Brian Campbell has told the Sabres he will not negotiate a new contract until after the season is over.
News that Brian Campbell has effectively put a halt to any negotiations with the Buffalo Sabres until after this season is nothing but bad news for a team that one calendar year ago looked like a Stanley Cup contender.
First it was Chris Drury and Daniel Briere. Next could be Campbell. And if that happens, how much do you think goalie Ryan Miller will want to stick around when he becomes an unrestricted free agent after next season?
Whether the Sabres are willing to admit it or not, things are unraveling in a big way for them and if they don’t do something about it soon by, say, keeping a decent player or two around long-term, then their days of selling out the Alphabet Arena will end in a hurry.
Of course, the new collective bargaining agreement was supposed to prevent all this from happening, wasn’t it? Weren’t small-market teams supposed to be able to keep their star players?
Of course, when you have chances to sign the likes of Drury and Briere and you let them slip through your fingers by dithering on their deals, well, no CBA in the world is going to protect you from that.
Which is exactly why the Sabres have to get Campbell to change his stance and negotiate with him now. This malarkey about it being a distraction that will somehow prevent Campbell from playing to the best of his abilities is pure nonsense. Campbell has developed into an elite defenseman in this league – Canadian Olympic team in 2010, you heard it here first – and he didn’t do it by not being mentally tough and able to put distractions aside.

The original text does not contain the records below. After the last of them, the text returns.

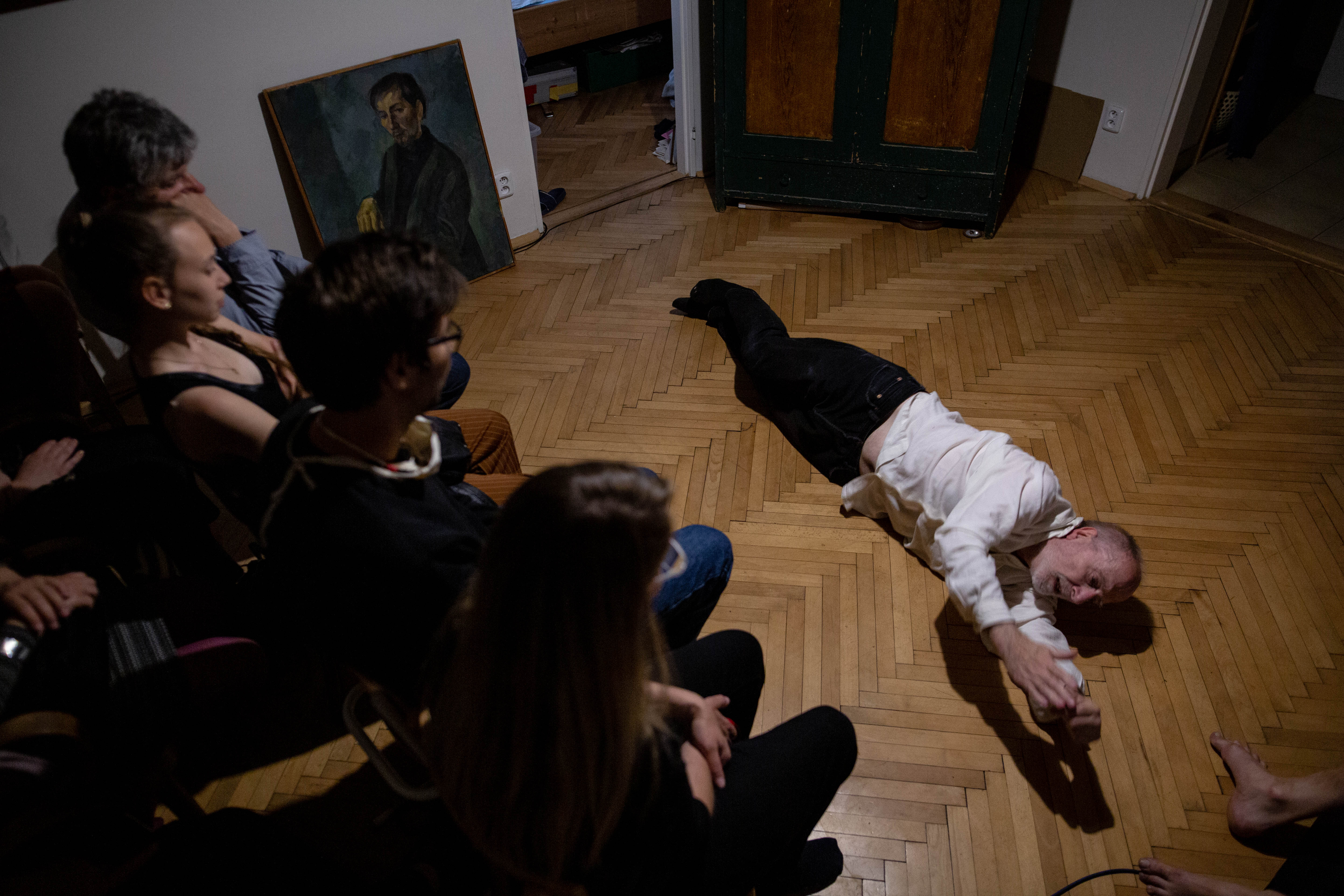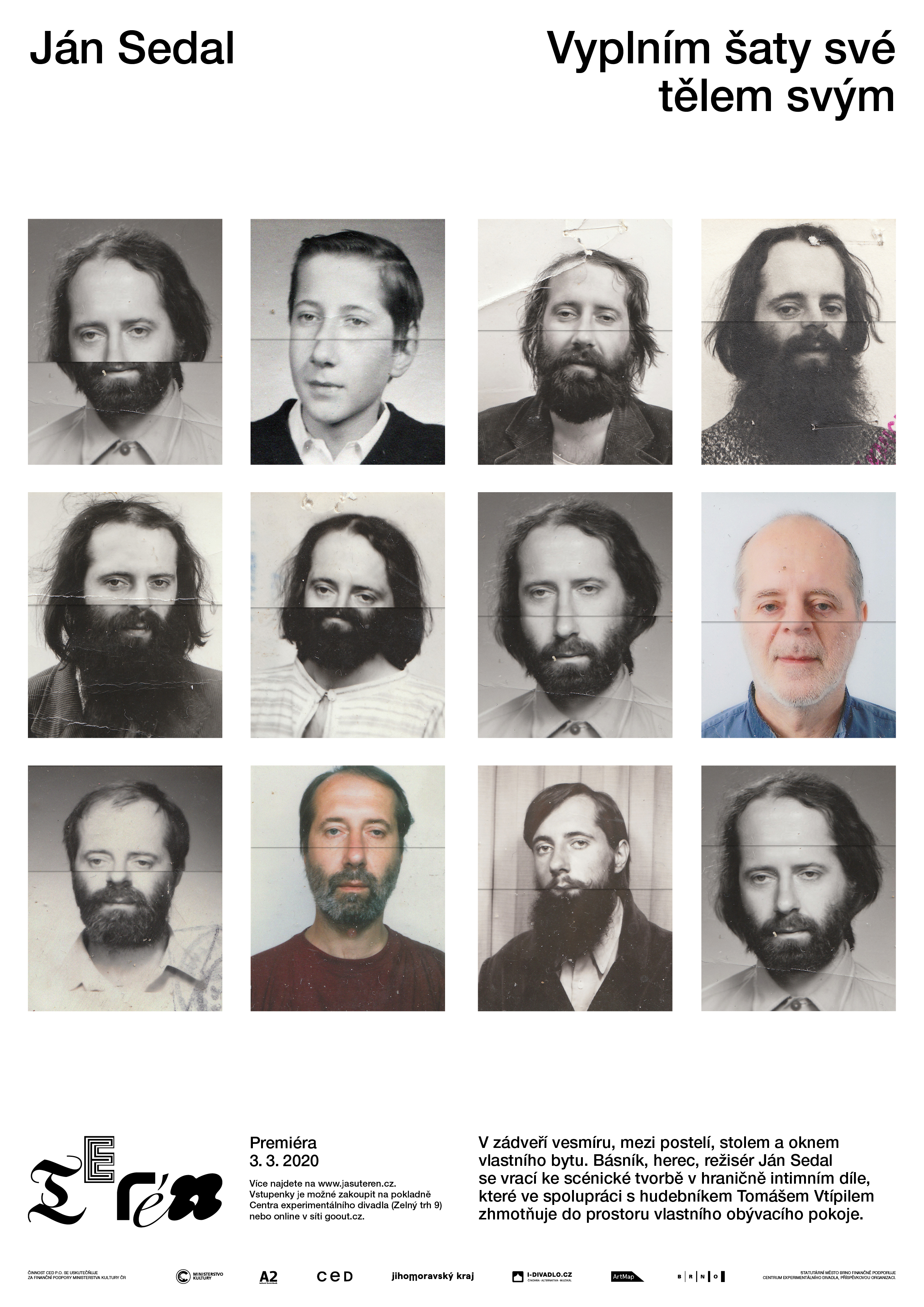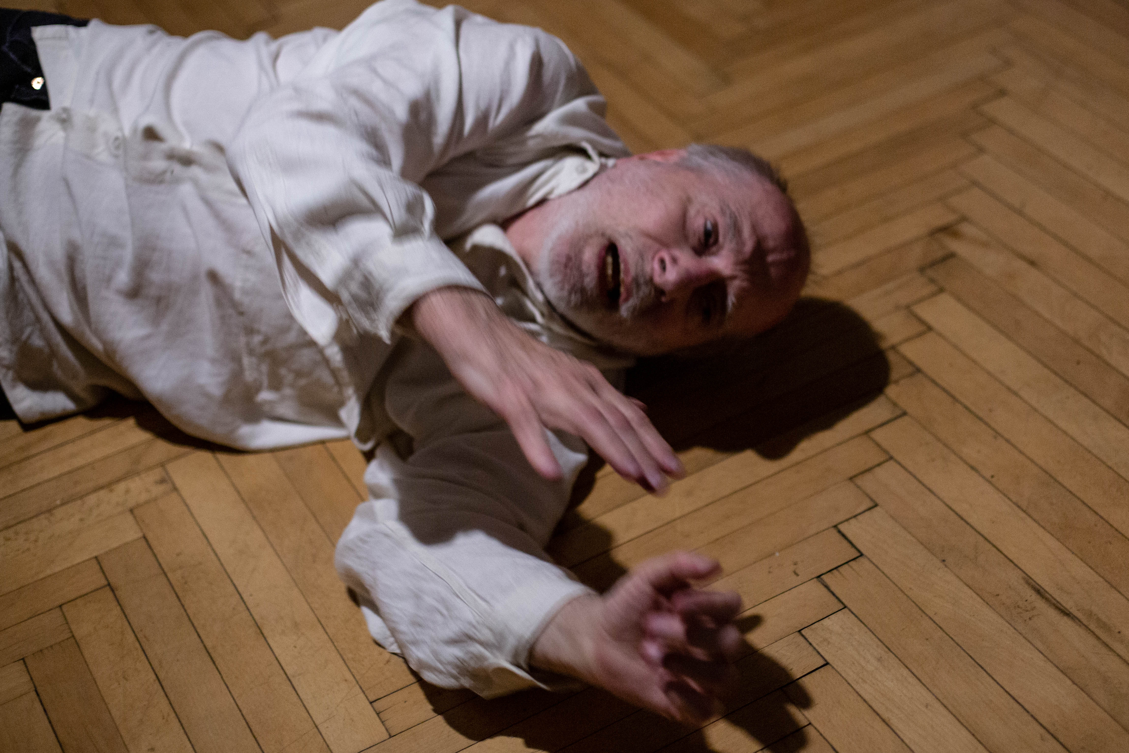 is true that in many ways, Ján is an unbridled and an irrepressible spirit. The director of Archa Theatre Ondřej Hráb fondly calls him a “rascal”, meaning a stubborn anarchist. Ján Sedal, however, often shows a surprising tenacity and discipline. In the past two years, Ján Sedal had to deal with the consequences of a severe injury forcing him to re-learn basic everyday activities. Despite that, in the solitude of his apartment and with minimal support, he decided to lay down his immense and almost surrealistically disjointed imagination on the floor of a small room, and create a strongly personal production. In that way, somewhere between the bed, the window and the wardrobes, he forms a genuine Czechoslovakian butoh. It differs from its Japanese precursor in its higher degree of a deep-rooted shabbiness, absurdity, and humor which could not exist anywhere else outside the Middle-European context (that is somewhere in the middle of baroque, symbolists, cimbalom music, Hašek, Kafka, Deml, surrealists, The Plastic People of the Universe, DG 307, Dežo Ursiny, and Marián Varga). Sedal’s butoh could be considered a dance emphasizing every gram of the body, every wrinkle, and the magical strength of concentration chiselled by years of practice and perfecting. His world is, however, much wider. In a singular, short segment of time, Jáno undoubtedly demonstrates all he can do. He veers from dance to ritual, drama, and even a fierce battle with his own body. He ceases to control the little, and out of the little he makes a lot. He raises modest chaos, and with little gestures he builds and tears off loads of invisible curtains. He chose musician Tomáš Vtípil as a kindred spirit and companion.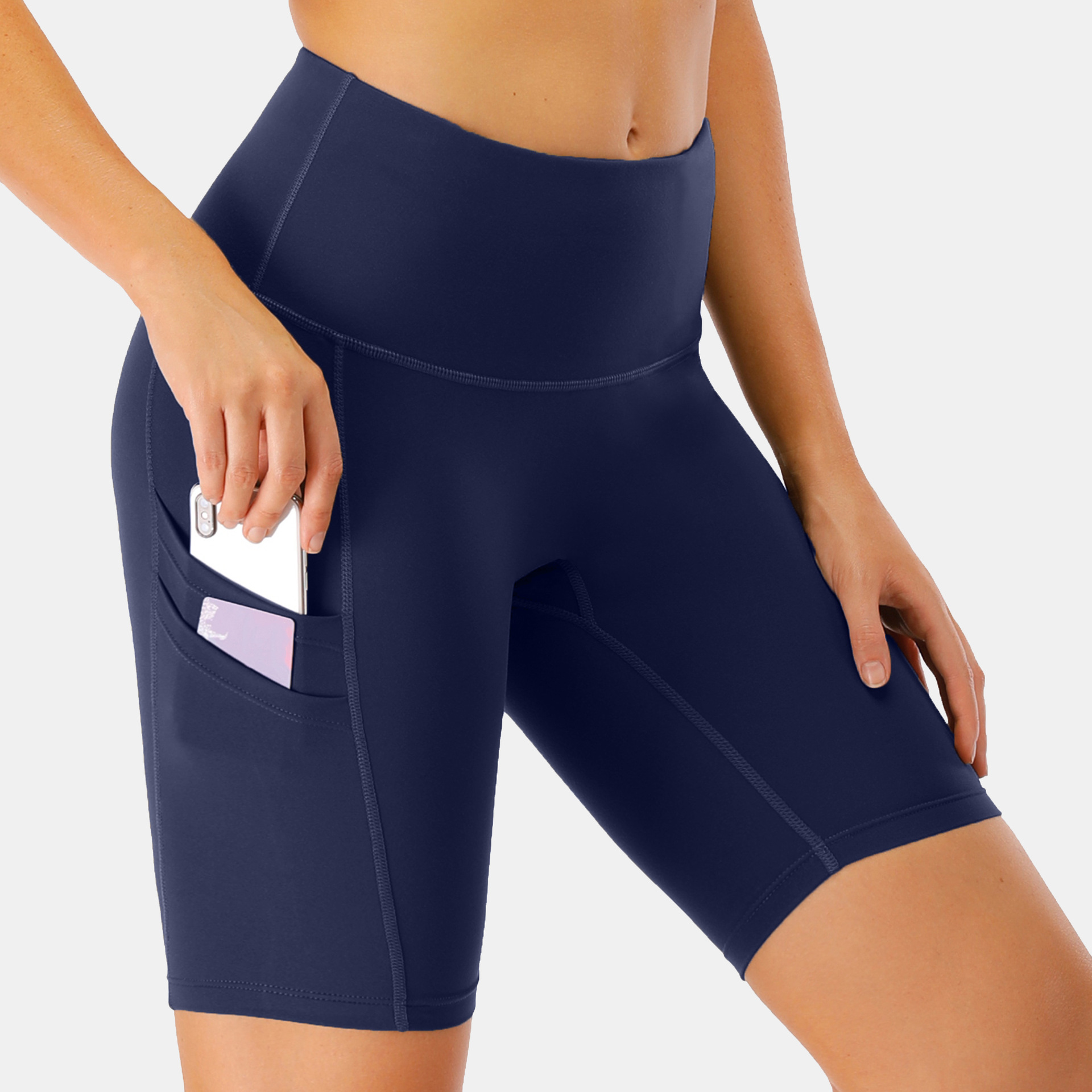 KH015women Yoga bike Shorts with 3 Side phone Pocket High Waist Squatproof Gym Fitness Running training Shorts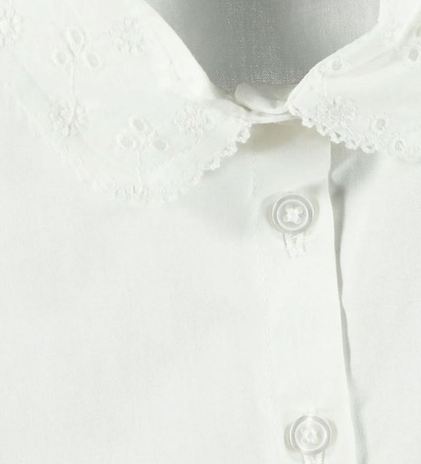 W kolorze białym, z pięknymi haftowanymi kwiatami i falistym brzegiem. Kołnierzyk koszuli Name It ma klasyczne zapięcie przy dekolcie, a z przodu można go zapiąć do końca. Kołnierzyk można nosić pod kardiganem, swetrem lub sukienką, aby wyglądało to tak, jakby dziecko miało pod spodem koszulę, lub można go założyć na inne ubrania jako elegancki detal. U dołu znajdują się regulowane, elastyczne paski po bokach, dzięki czemu idealnie dopasowuje się do ciała.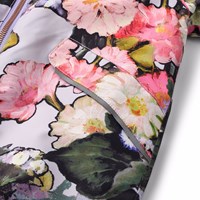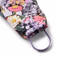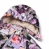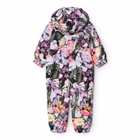Vandafvisende blomstret flyverdragt til de mindste, fremstillet i genanvendt polyester. Dragten har en aftagelig, foret hætte og en ekstra lang lynlås på fronten, der gør den nem at tage på og af. Elastikken i lænden samt ved ærme- og benafslutninger sørger for, at sne, regn og vind holdes ude, samtidig med at luffer og støvler bliver på plads. Flyverdragten er udstyret med refleksbånd på lommerne og ærmerne, som sikrer ekstra synlighed i trafikken. Derudover har dragten fleecefor ved numse og ryg samt indvendig justerbar elastik i taljen, der giver en tæt og behagelig pasform omkring kroppen.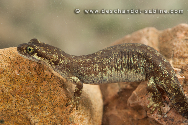 : Euprocte de Corse (Euproctus montanus), femelle, Bavella, Corse.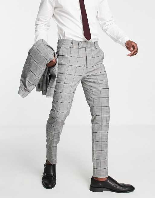 Topman skinny check wedding suit pants in black and white
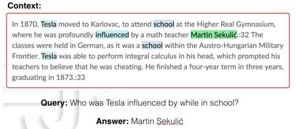 而且,跟CNN/DM,CBT等自然语言处理类数据集相比,过往的数据集往往只是“完形填空”的形式,即要求 AI 将一个词语填写到文章空白处。而 SQuAD 则是真正的阅读理解:需要 AI 先读完一段文章,然后回答一个根据文章提出的问题。

I’m more inclined to think Campbell is seeing dollar signs, and the Sabres should start coming up with them in an effort to keep him. If they lose another elite player over money, it will just continue the drain of players out of Buffalo and deter other free agents from signing there.
Unless, of course, Campbell sees the Sabres as a moribund franchise and, regardless of money, wants to play in a city where he feels he has a legitimate chance to win the Stanley Cup. If that’s the case, there’s nothing the Sabres can do about it.
And there’ll be nothing they can do but wave goodbye to Miller after next season.